Stored data START

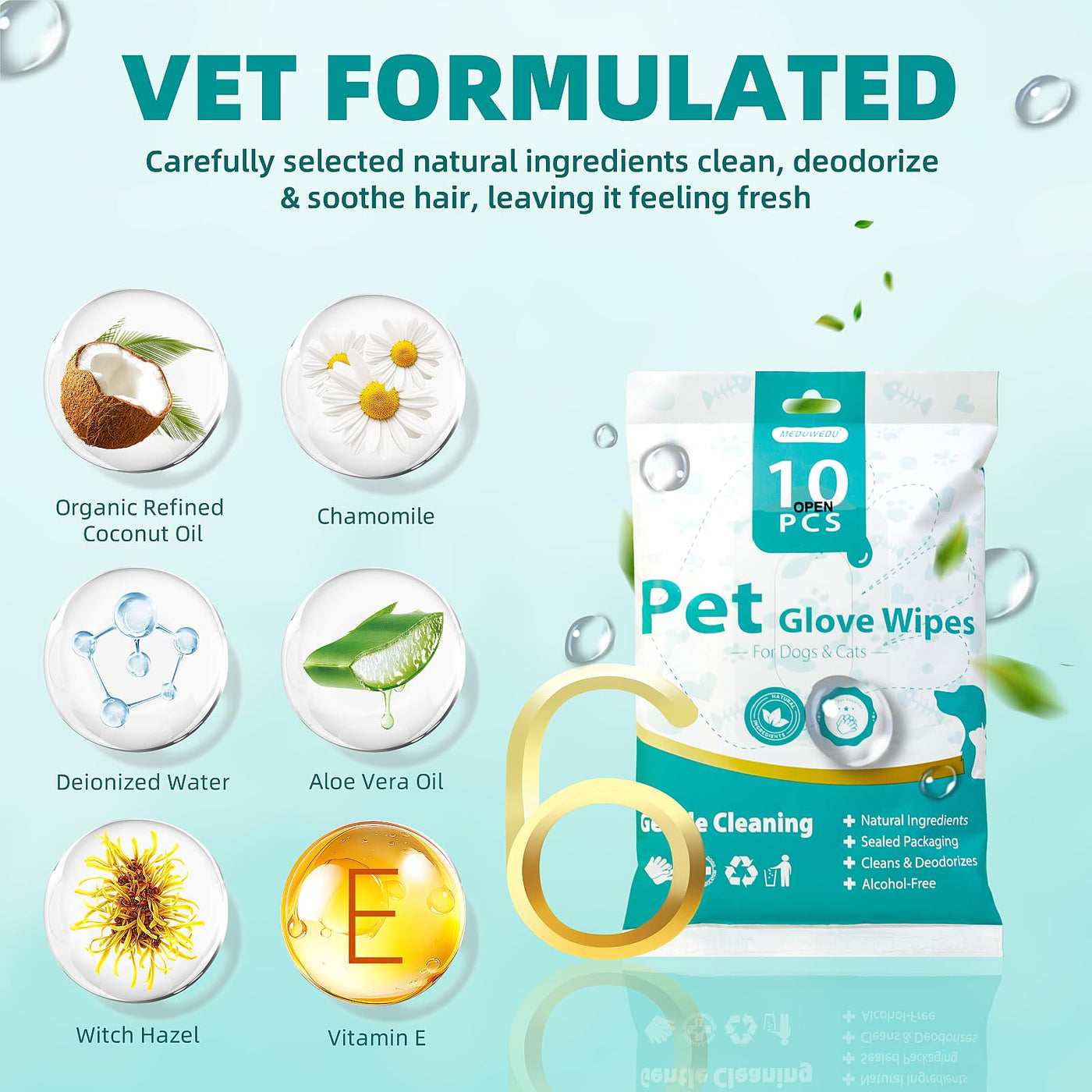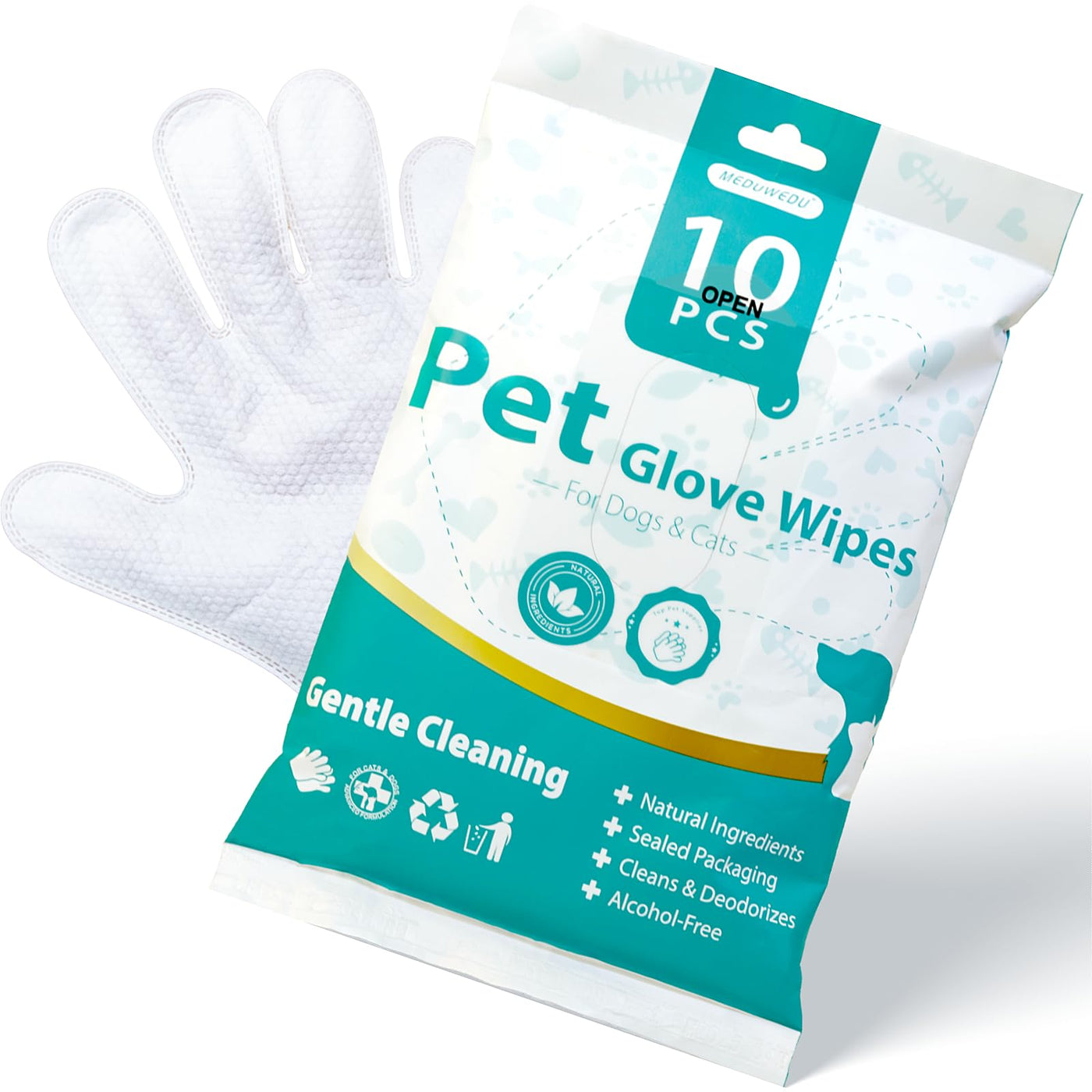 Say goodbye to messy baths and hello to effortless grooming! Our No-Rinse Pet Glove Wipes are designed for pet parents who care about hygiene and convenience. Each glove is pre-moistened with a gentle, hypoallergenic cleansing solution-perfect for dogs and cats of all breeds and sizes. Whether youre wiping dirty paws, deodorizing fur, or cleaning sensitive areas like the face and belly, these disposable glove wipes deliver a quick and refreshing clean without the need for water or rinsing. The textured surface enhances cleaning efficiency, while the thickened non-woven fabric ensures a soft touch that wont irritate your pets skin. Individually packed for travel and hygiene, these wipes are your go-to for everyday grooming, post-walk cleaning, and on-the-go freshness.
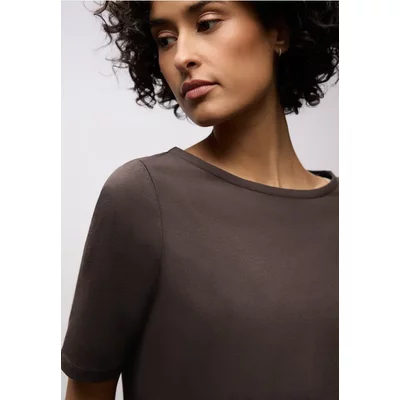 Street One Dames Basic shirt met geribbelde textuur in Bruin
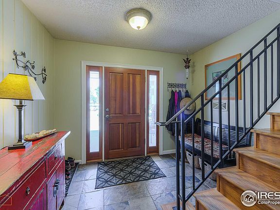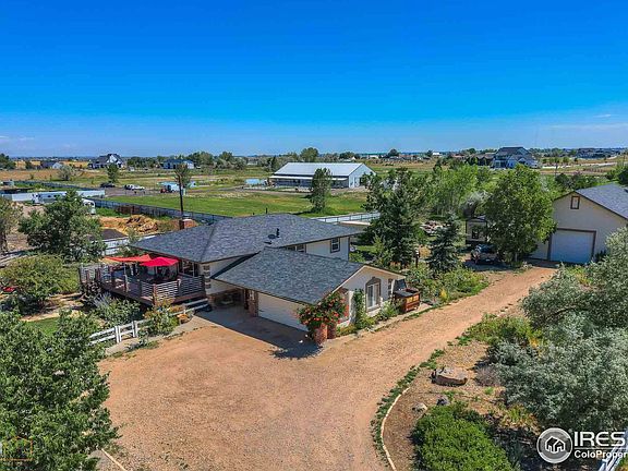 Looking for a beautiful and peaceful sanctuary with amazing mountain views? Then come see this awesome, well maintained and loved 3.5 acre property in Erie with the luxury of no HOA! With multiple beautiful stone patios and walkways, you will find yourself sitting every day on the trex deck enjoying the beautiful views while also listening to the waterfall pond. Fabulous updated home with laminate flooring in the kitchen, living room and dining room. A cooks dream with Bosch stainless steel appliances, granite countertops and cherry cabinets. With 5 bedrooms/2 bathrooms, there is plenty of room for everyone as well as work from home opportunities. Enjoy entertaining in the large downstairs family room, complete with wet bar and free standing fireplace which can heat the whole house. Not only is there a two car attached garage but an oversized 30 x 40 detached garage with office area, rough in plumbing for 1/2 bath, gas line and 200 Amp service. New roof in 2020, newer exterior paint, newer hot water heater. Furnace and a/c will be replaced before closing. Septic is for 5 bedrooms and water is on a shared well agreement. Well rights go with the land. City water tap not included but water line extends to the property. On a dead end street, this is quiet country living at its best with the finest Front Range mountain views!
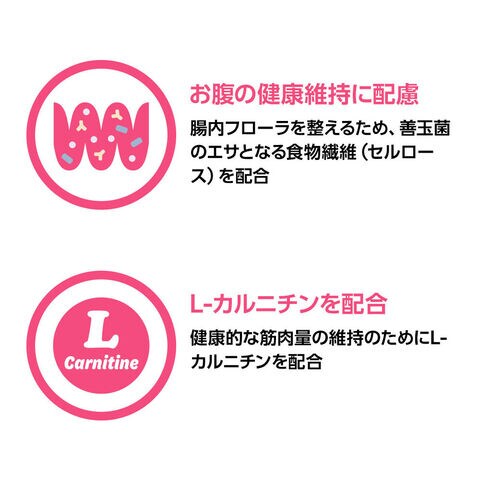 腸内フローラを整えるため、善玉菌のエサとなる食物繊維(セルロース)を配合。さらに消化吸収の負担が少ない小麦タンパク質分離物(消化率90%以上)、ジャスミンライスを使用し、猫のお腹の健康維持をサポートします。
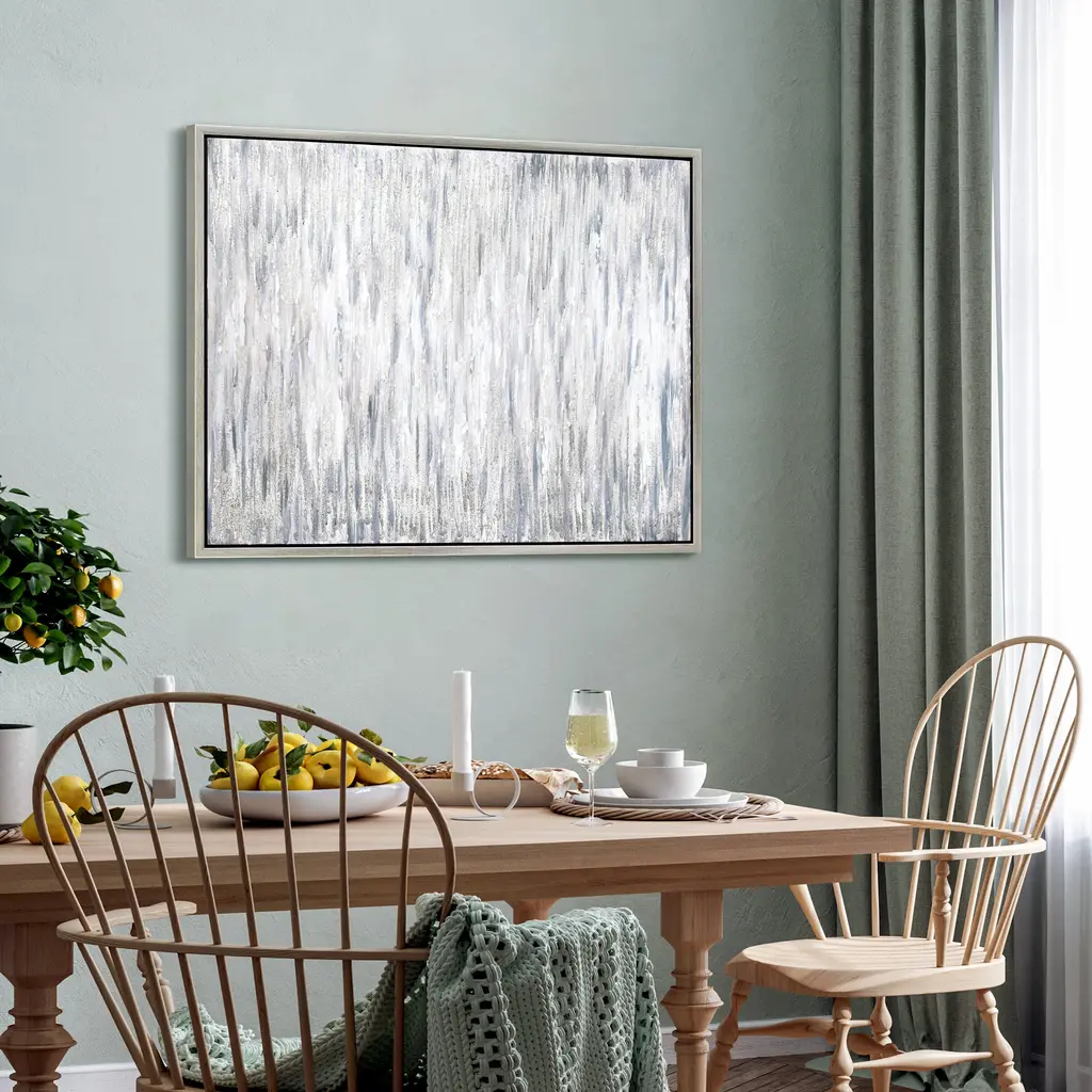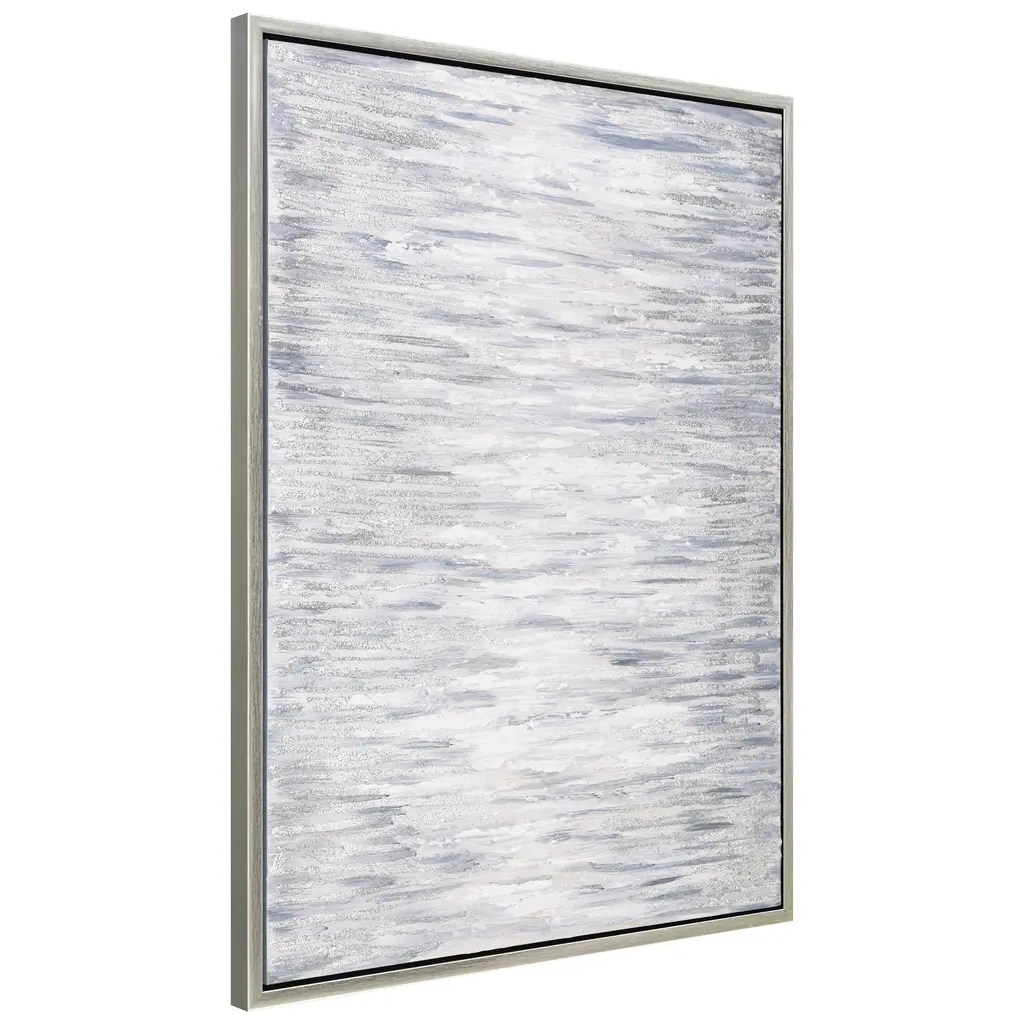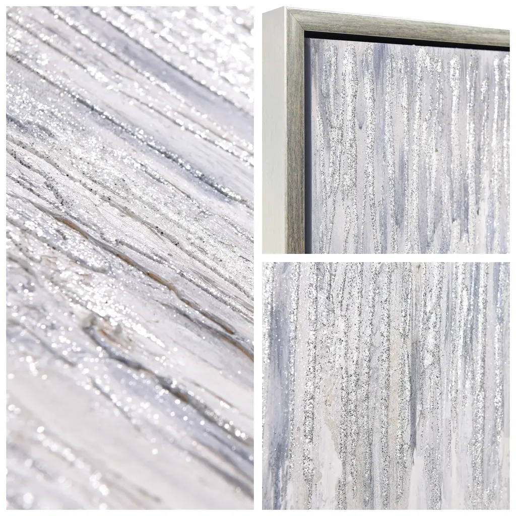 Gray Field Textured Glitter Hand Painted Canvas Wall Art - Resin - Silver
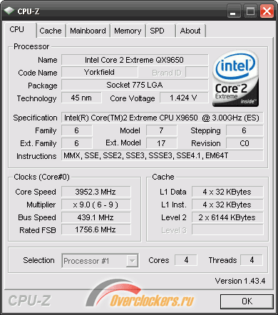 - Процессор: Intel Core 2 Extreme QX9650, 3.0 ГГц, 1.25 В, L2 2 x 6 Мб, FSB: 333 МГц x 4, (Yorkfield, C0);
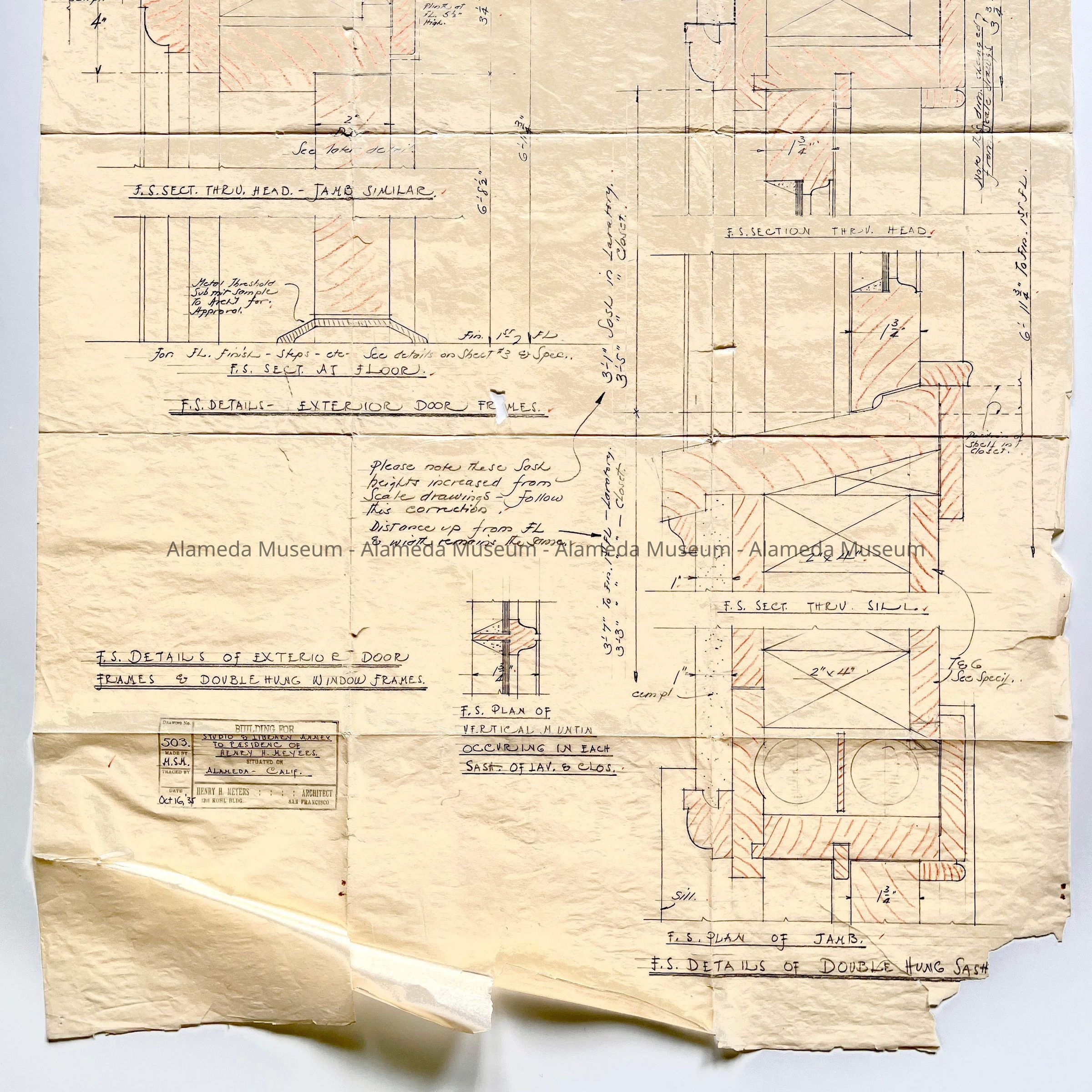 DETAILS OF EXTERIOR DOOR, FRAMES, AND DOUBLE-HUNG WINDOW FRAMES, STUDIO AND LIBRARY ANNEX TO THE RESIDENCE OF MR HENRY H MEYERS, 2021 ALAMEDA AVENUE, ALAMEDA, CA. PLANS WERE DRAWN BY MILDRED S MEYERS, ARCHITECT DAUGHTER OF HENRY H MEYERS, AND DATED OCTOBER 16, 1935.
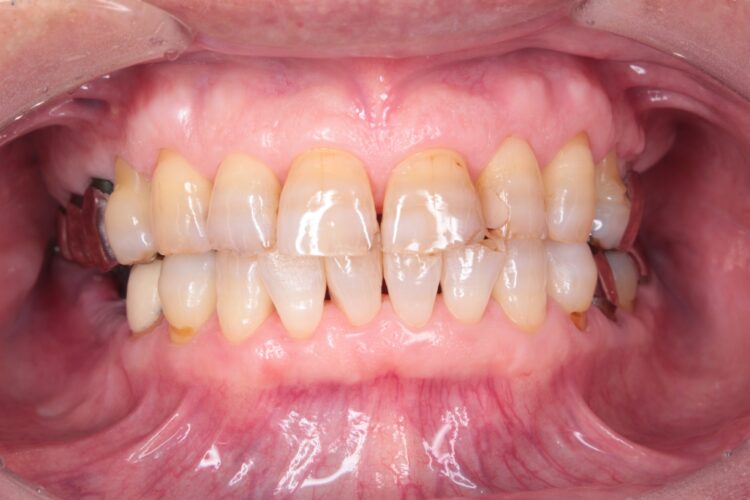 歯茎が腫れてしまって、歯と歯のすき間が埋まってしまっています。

Stored data END

» **About this exercise**
Exactly the lines from the top of the entries through the line with "Street One Dames", inclusive, must be given again, with every picture omitted.

» **Written response**
 Say goodbye to messy baths and hello to effortless grooming! Our No-Rinse Pet Glove Wipes are designed for pet parents who care about hygiene and convenience. Each glove is pre-moistened with a gentle, hypoallergenic cleansing solution-perfect for dogs and cats of all breeds and sizes. Whether youre wiping dirty paws, deodorizing fur, or cleaning sensitive areas like the face and belly, these disposable glove wipes deliver a quick and refreshing clean without the need for water or rinsing. The textured surface enhances cleaning efficiency, while the thickened non-woven fabric ensures a soft touch that wont irritate your pets skin. Individually packed for travel and hygiene, these wipes are your go-to for everyday grooming, post-walk cleaning, and on-the-go freshness.
 Street One Dames Basic shirt met geribbelde textuur in Bruin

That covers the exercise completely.